2015 Caraga candy poisonings
- Date: July 15, 2015
- Location: Caraga, Philippines;
- Cause: Tainted candy
- Casualties: 1,925 (as of July 13, 2015)
- Deaths: 21
- Arrests: 9

= Caraga candy poisonings =

Food contamination event in the Philippines

Almost 2,000 people, mostly schoolchildren from the Caraga region of the Philippines, experienced food poisoning after consuming durian, mangosteen, and mango flavored candies in 2015. The Food and Drug Administration of the Philippines confirmed that the sweets were contaminated by staphylococcus bacteria, a bacteria commonly found on human skin. The cause was suspected to be accidental bacterial contamination by vendors, who had repackaged the candy.

==Victims==
Most of the victims of the food poisoning incident were schoolchildren within the Caraga Region. Victims reported experiencing symptoms such as diarrhea, dizziness, and stomachaches. The cases were reported by at least nine health facilities based in Surigao del Sur, Surigao del Norte and Agusan del Sur. At least 10 people were hospitalized.

The first cases were reported in Cagwait, Surigao del Sur in the morning of July 10.

Food poisoning symptoms were reported in a dozen towns.
==Response==
Acting Davao City Mayor Paolo Duterte ordered an urgent investigation on July 10 regarding the matter to determine the exact cause of the candy contamination incident.

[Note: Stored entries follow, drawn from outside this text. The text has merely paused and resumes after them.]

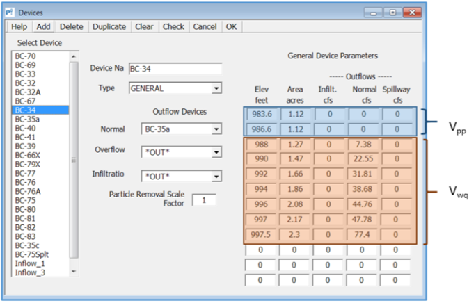 - Identify and assign the routing of water quality BMPs and pipe devices and assign in model
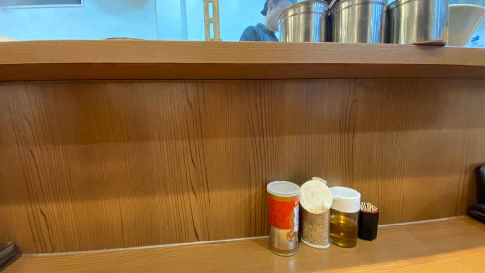 ▲卓上調味料はラーメンコショー、すりごま、お酢があります。さらに、カウンターにはかっぱや刻みショウガ、豆板醤などもあります。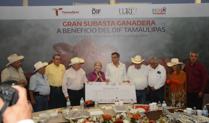 Ciudad Victoria, Tamaulipas.- Los ganaderos de Tamaulipas entregaron al gobernador Américo Villarreal Anaya y a la presidenta del DIF Estatal, doctora María de Villarreal, un donativo de 1,372,000 pesos en beneficio de los programas de esta noble institución. El donativo es el resultado de la gran subasta ganadera realizada este sábado, en el marco de la Feria Tamaulipas 2024.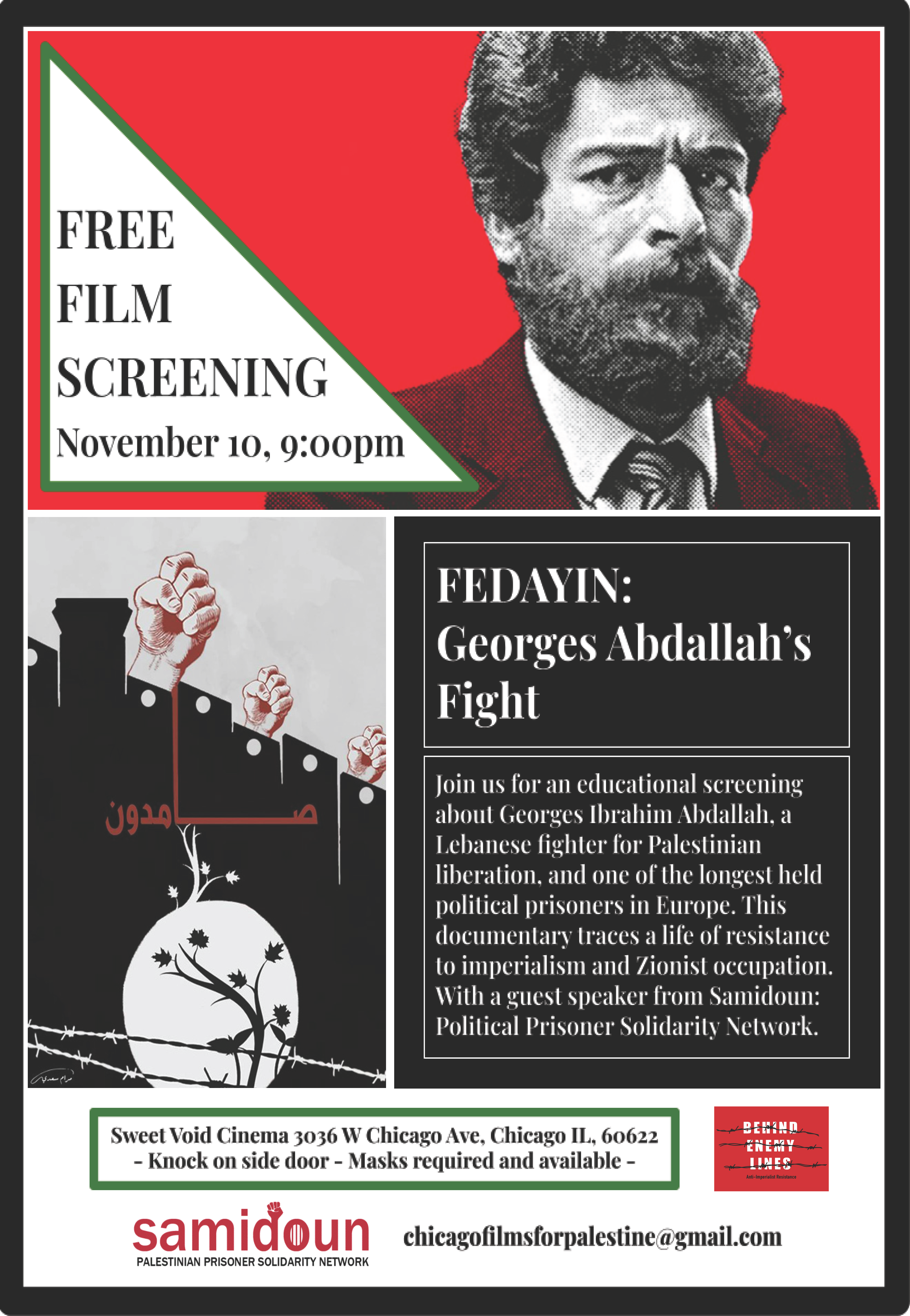 This Friday at 9pm, Sweet Void Cinema is once again teaming up with Chicago Films for Palestine to bring you Fedayin: Georges Abdallah’s Fight. We will have a guest speaker from Samidoun: Political Prisoner Solidarity Network, an introduction prior and a discussion after. Hope to see you there!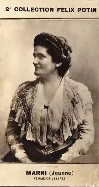 Elle utilisera le pseudonyme de Jeanne Marni pour l'essentiel de ses écrits.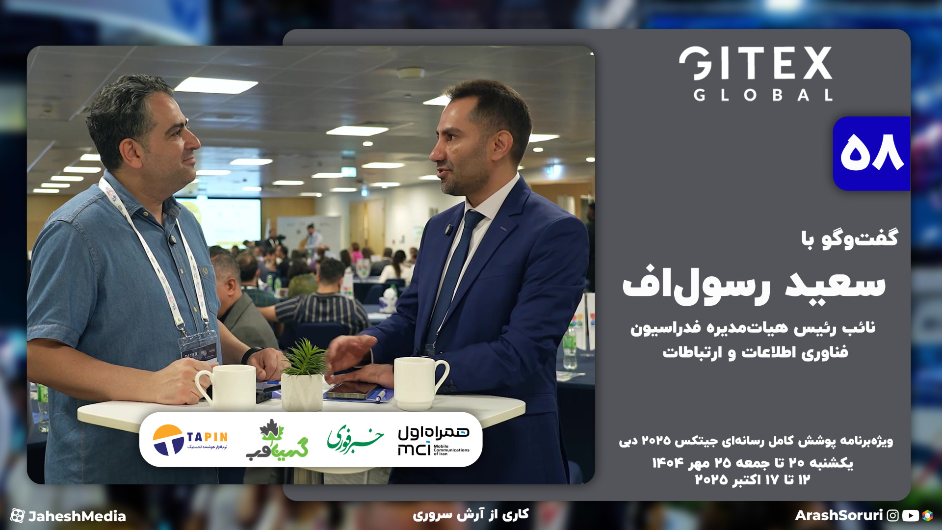 ویژهبرنامه پوشش کامل رسانهای جیتکس 2025 دبی کاری از آرش سروری با حمایت: mci.ir tapin.ir greenweb.ir khabarfoori.com در این قسمت گفتوگویی داریم با سعید رسولاف، نائب رئیس هیاتمدیره فدراسیون فناوری اطلاعات و ارتباطات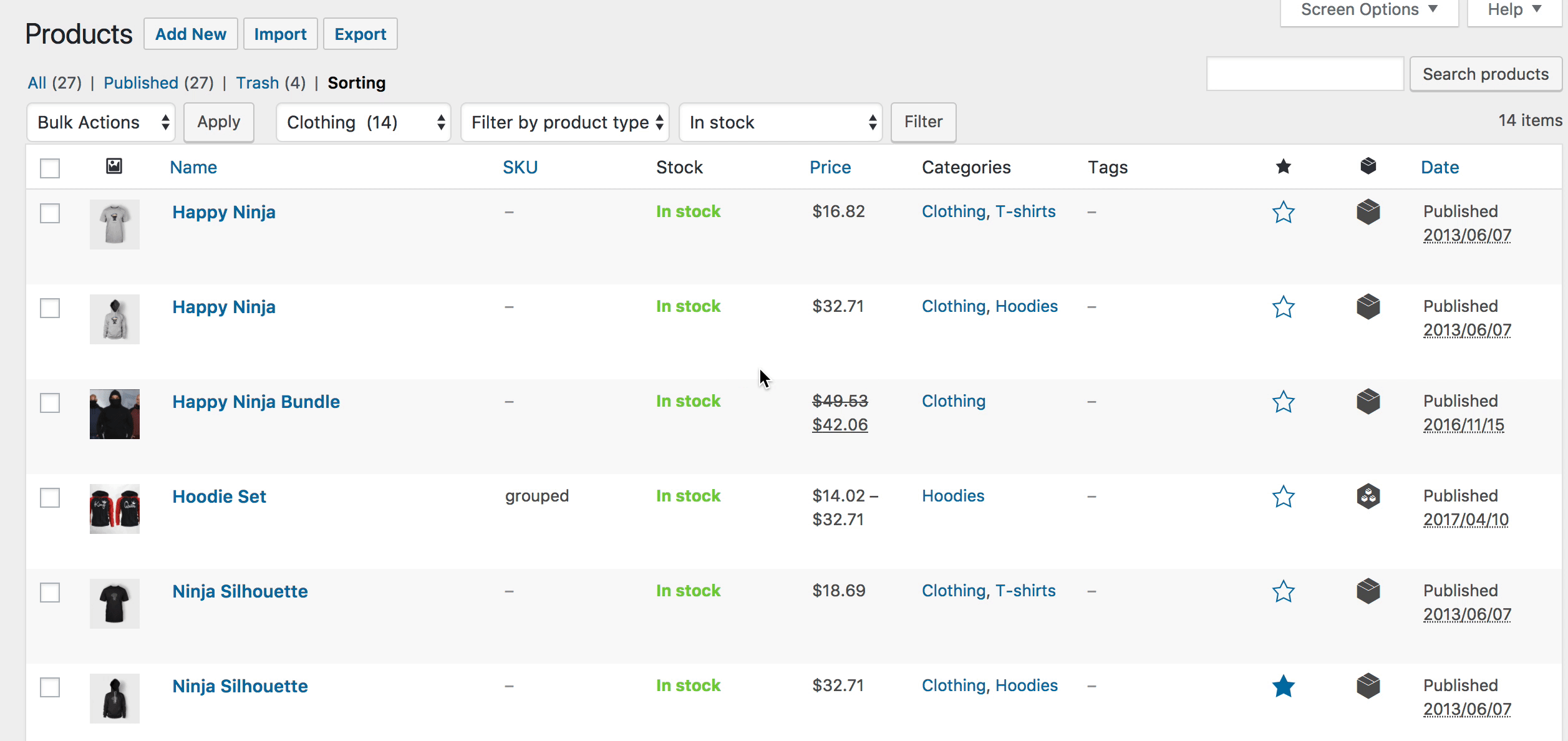 Adding a Simple product is similar to writing a post in WordPress.

On July 11, 2015, the Department of Health in Caraga declared a food poisoning outbreak in the region. Hospitals across the Caraga Region were put into white alert in response to the incident.

==Investigation==
The Food and Drug Administration (FDA) conducted microbiological tests on the samples of the contaminated candies. The FDA had suspected that the candies were contaminated by E. coli, Salmonella or staphylococcus based on the reported symptoms by victims of the food poisoning incident. They announced that the candy samples tested positive for staphylococcus aureus.

The FDA traced the contaminated candies' origin to two manufacturing facilities in Davao City. The FDA linked two candy manufacturers to the incident based on labels found on the food products, one which is licensed with the food safety authority, and the other manufacturer, Wendy's Durian Candies was not in the database of the FDA. The Davao City government suspended the business permit of Wendy's Durian Candies until the business secured a clearance from the FDA.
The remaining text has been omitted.